Он тщательно, спокойно умывался, еще спокойнее завтракал, но к утренней поверке в казарму не опоздал. К его удовольствию, там все оказалось в полном порядке – ни пьяных, ни прокламаций больше не было. Весь личный состав он тут же направил к цейхгаузу, откуда снова выкатили трехдюймовки, и снова, теперь уже под его внимательным присмотром, рядовых принялись тиранить унтера, вдалбливая хитрую артиллерийскую науку. Фельдфебели часто не выдерживали. Срывались на крик, на матерщину, пытались втихую сунуть плохо знающему материальную часть под ребра свой крутой, свинцовый кулак, но канониры сами делались сноровистыми, толковыми, умелыми, будто проникаясь важностью науки, быстро затверживали название частей, показывали, как открывается затвор, как он запирается, как производится выстрел, вникали в назначение визирной трубки, уровня, панорамы. Хорошо знающие свое дело канониры и бомбардиры перед незнающими не форсили, не задирали их обидным, острым словом – все понимали ненужность пустословия, каждый чувствовал, что скоро все эти пустые, легкомысленные с виду действия с пустым орудием, все эти вопросы и ответы на предмет, такой далекий от насущных человеческих запросов, найдут себе очень нужное, важное применение в том страшном, великом деле, что именуется войной.
Лихунов пошел в свой домик, когда уже стало смеркаться. Беженцы – поляки, евреи, русины – молча тащили свой скарб. Уставшие, задавленные тяжкой необходимостью спасаться от наступающего врага, грязные, почесывающиеся на ходу люди, они шли по улицам Новогеоргиевска туда, где указали им место. Плакали дети, и матери бессильны были их утешить или просто приказать замолчать. Внезапно Лихунову показалось, что кто-то окликнул его по имени. Он обернулся, но не увидел никого из своих знакомых.
– Константин Николаевич, – услышал он снова низкий женский голос. – Да отчего же вы не признаете знакомых ваших?
Недалеко от колонны беженцев, чуть в стороне от них, он увидел высокую фигуру женщины в сером шерстяном платье сестры милосердия. Это была Маша. Лихунов вдруг почувствовал такую сильную радость при виде Маши, что не смог сдержать счастливой улыбки. Он быстро подошел к ней, не боясь быть невежливым, не снимая перчаток, взял ее руку и, наклонившись, прижался своими сухими губами к маленькой теплой ладони, и только потом, волнуясь, спросил:
– Маша, почему вы здесь?

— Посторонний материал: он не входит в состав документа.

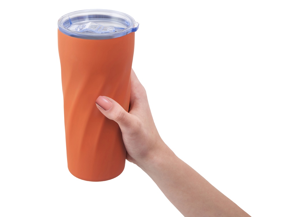 Термокружка изготовлена из высококачественной нержавеющей стали с двойными стенками и вакуумной изоляцией, что обеспечивает длительное сохранение температуры напитка. Внутренняя часть выполнена из стали 304, внешняя — из 201. Кружка оснащена прозрачной крышкой, а ее поверхность покрыта приятным на ощупь soft-touch материалом.
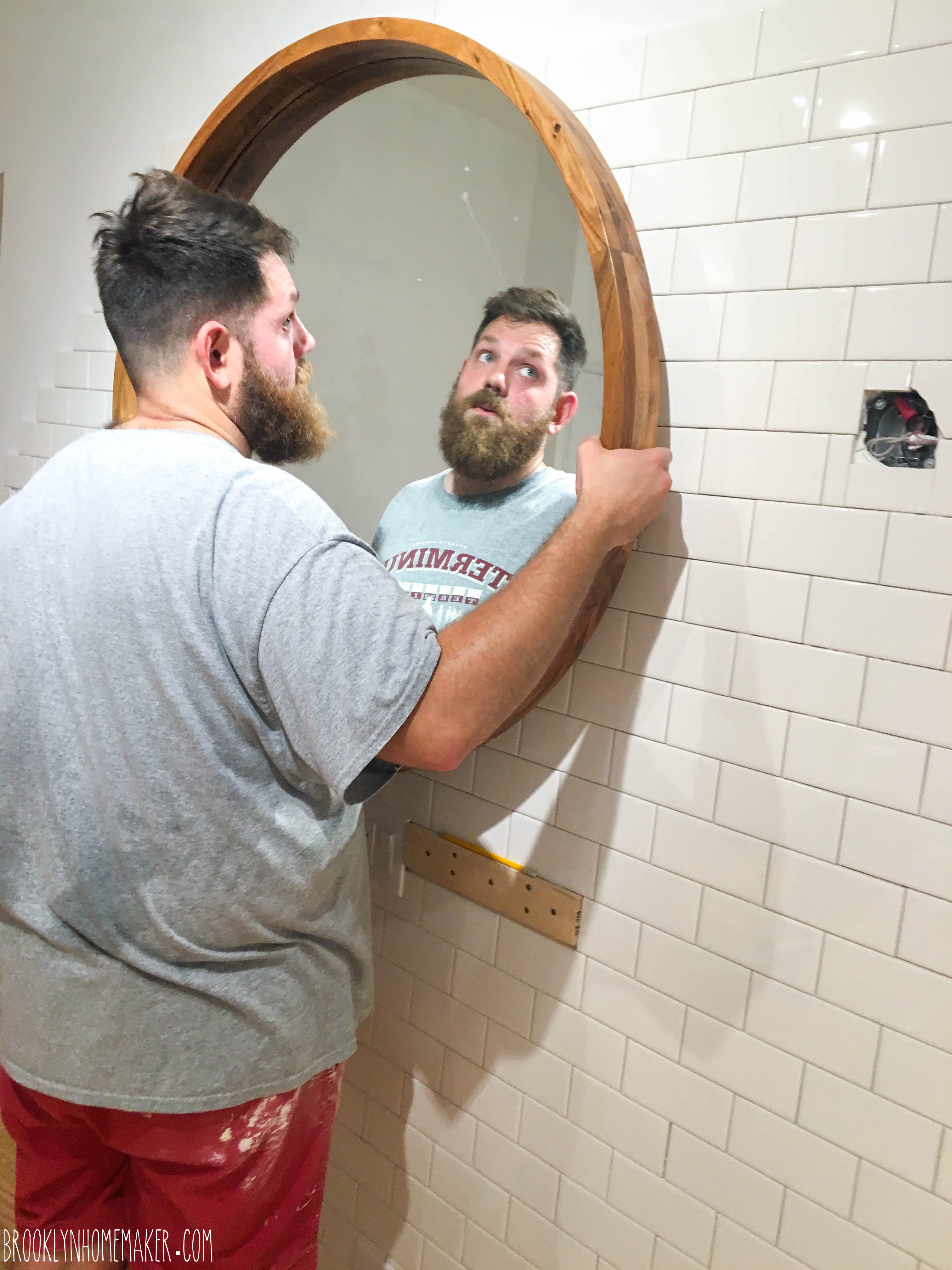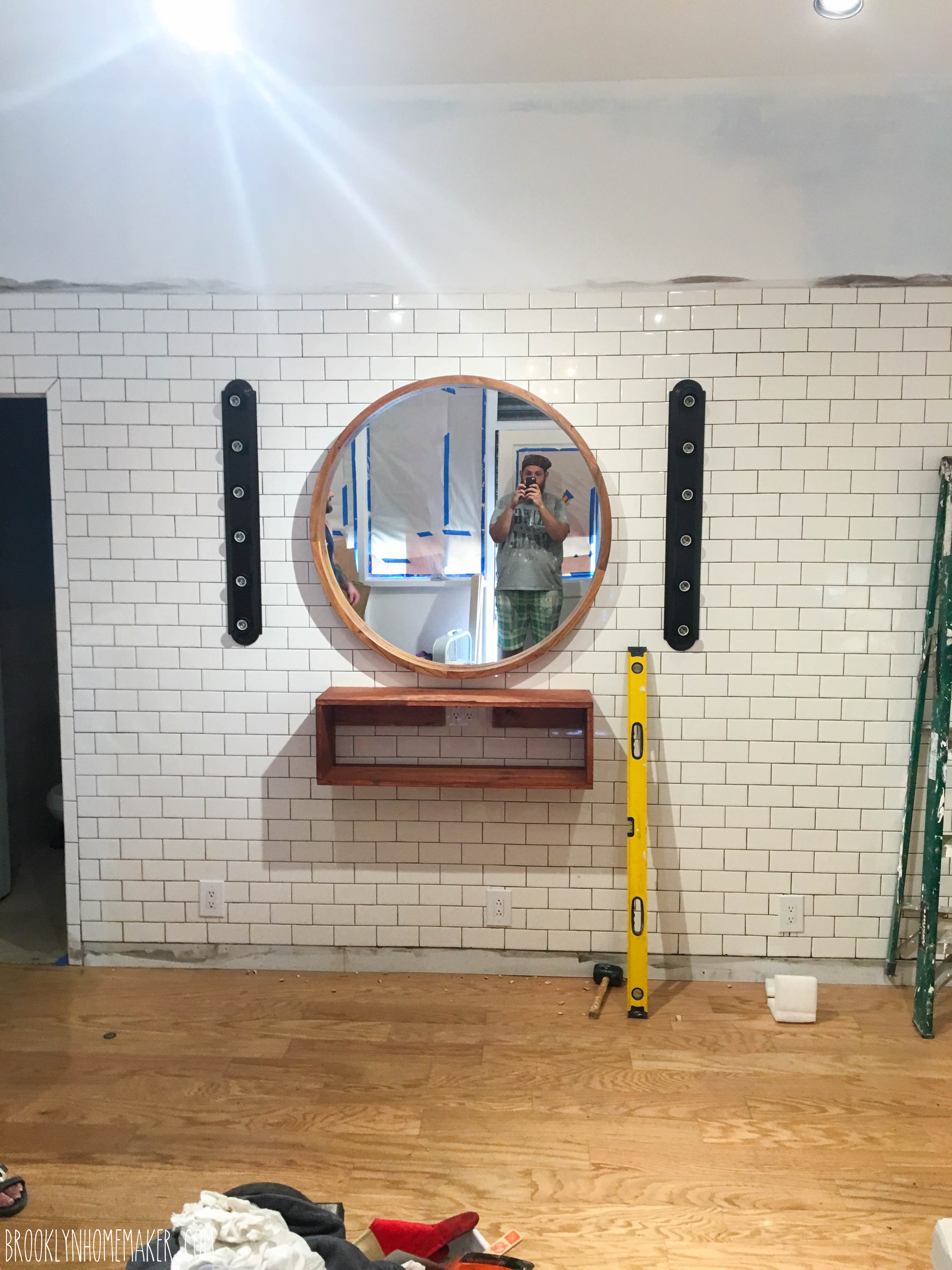 Before we got too far up the walls with the tile, we took some time to plan out where we wanted the shelves and mirrors for the stations to be hung, and mounted pine cleats (not sure if that’s the right word for what we did btw, so if you know, please share the knowledge!) attached to studs in the walls. That way we wouldn’t have to worry about trying find studs through a layer of ceramic tile, and then having to drill holes through the tiles we just put so much effort into putting up. It looked kind of weird and cheap and crappy while we were in the process, but once we were done and were able to actually attach the stations it all made sense and we were SOOO glad we did it.

Ведь вы должны быть в Варшаве.
– Да, я только оттуда, – улыбаясь, прямо смотрела на него девушка, и Лихунов почему-то сразу подумал, что она здесь только потому, что в крепости находится он. – Я лишь три часа назад вошла в Новогеоргиевск устраиваться при госпитале, а теперь вот поглядеть хочу на крепость.

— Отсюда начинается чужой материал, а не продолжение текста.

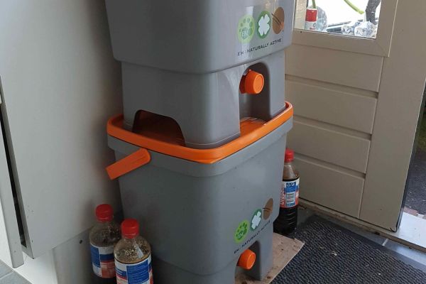 Onze tuin was weiland en is nu tuin op basis van de uitgangspunten van perma-cultuur. Het is nog in opbouw, maar we hebben al ruim drie jaar geen groencontainer meer aan de weg gezet. Alles, ook keukenafval, verwerken we zelf middels composteren en Bokashi. In de tuin ook een zwemvijver en kikkerpoel. We vangen regenwater op in regentonnen.
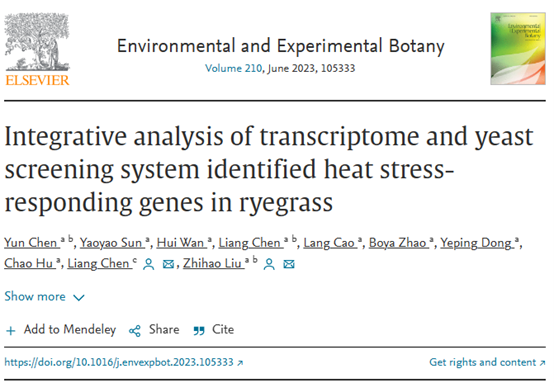 近日,yl23455永利官网与中国科学院武汉植物园联合在国际期刊《Environmental and Experimental Botany》(中科院生物学二区,植物科学一区,IF:6.028)在线发表题为“Integrative analysis of transcriptome and yeast screening system identified heat stress-responding genes in ryegrass”的研究论文。刘致浩博士与陈良研究员为通讯作者,陈云博士为第一作者,湖北师范大学为第一单位。
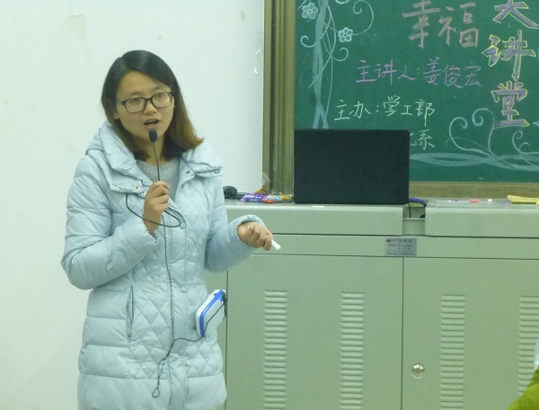 周末大讲堂,绽放教师风采。12月2日晚上7点整,在树人楼c103举行了由学工部主办,外语系,人文系,生化系共同承办的周末大讲堂。窗外凉风习习,而室内决赛的战鼓才刚刚打响。对决赛的主题“幸福是什么”,三位选手带来了不同的答案。
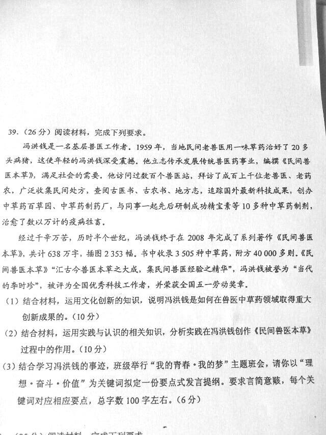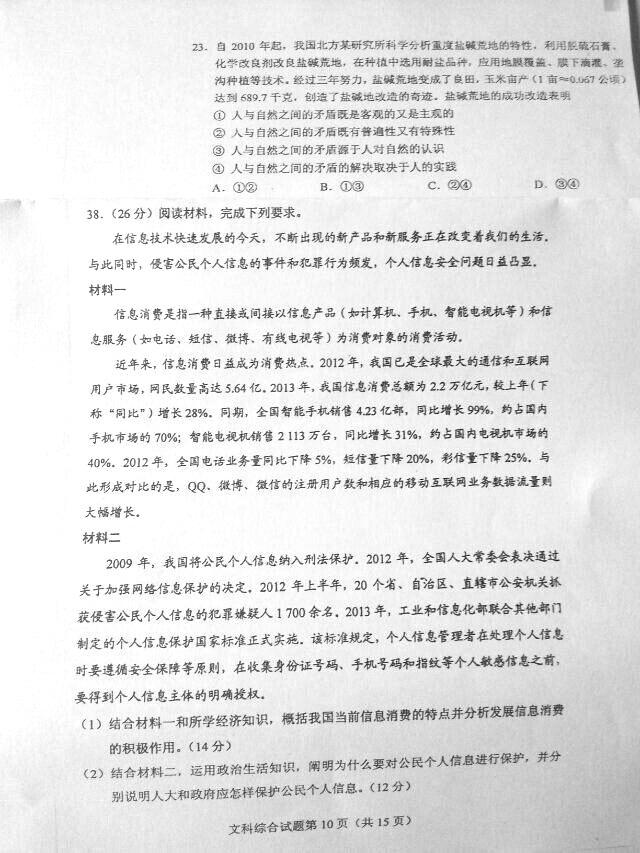 2014年甘肃高考文综真题(腾讯部分版).docx

– И все же, – не переставал удивляться Лихунов, – как вы оказались в Новогеоргиевске?
Маша поправила на голове косынку, не привыкнув еще, должно быть, к форме сестры милосердия.
– Какой вы невнимательный, – чуть укоризненно сказала девушка. – Я же говорила вам, что состою в Обществе Святой Евгении. Вот меня и послали сюда. А признайтесь, – лукаво прищурила она свои большие карие глаза, – вы, наверное, подумали, что я здесь неслучайно?
Лихунов смутился:
– Да как же можно…- Но смущением своим он выдал себя, и Маша догадалась, что предположение ее было верно.
– Так вот, спешу вас заверить, – с шутливой строгостью отчеканила она, – что даже и не знала о вашем пребывании в Новогеоргиевске. Ну ладно, ладно, мы шутим, конечно. – Перешла на тон серьезный: – Давайте, Константин Николаевич, пойдем куда-нибудь отсюда. Мне кажется, что мы с нашими шутками неприятны этим несчастным людям, – и Маша показала на проходивших мимо них беженцев.
Лихунов и Маша мимо низких строений цейхгаузов, казарм, конюшен, складов направились туда, где людей ходило меньше. Был теплый вечер начала июля, над ними с пронзительным, тонким писком, рассекая душистый нагретый воздух быстрыми крыльями, носились стрижи. Несколько человек рядовых сидели вокруг гармониста. Музыкант внимательно, наклонив голову, смотрел на кнопки, по которым неуклюже ходили его толстые пальцы.
– Пойдемте отсюда подальше, не будем им мешать, – сказала Маша.
Она взяла Лихунова под руку, и его обожгло прикосновение ее теплой, мягкой руки. В крошечном скверике с клумбами, засаженными душистым табаком, делавшим теплый вечерний воздух карамельносладким, они присели на скамейку неподалеку от кустов барбариса, совсем черных в сумерках, аккуратно подстриженных. Маша тщательно расправила подол платья и огляделась.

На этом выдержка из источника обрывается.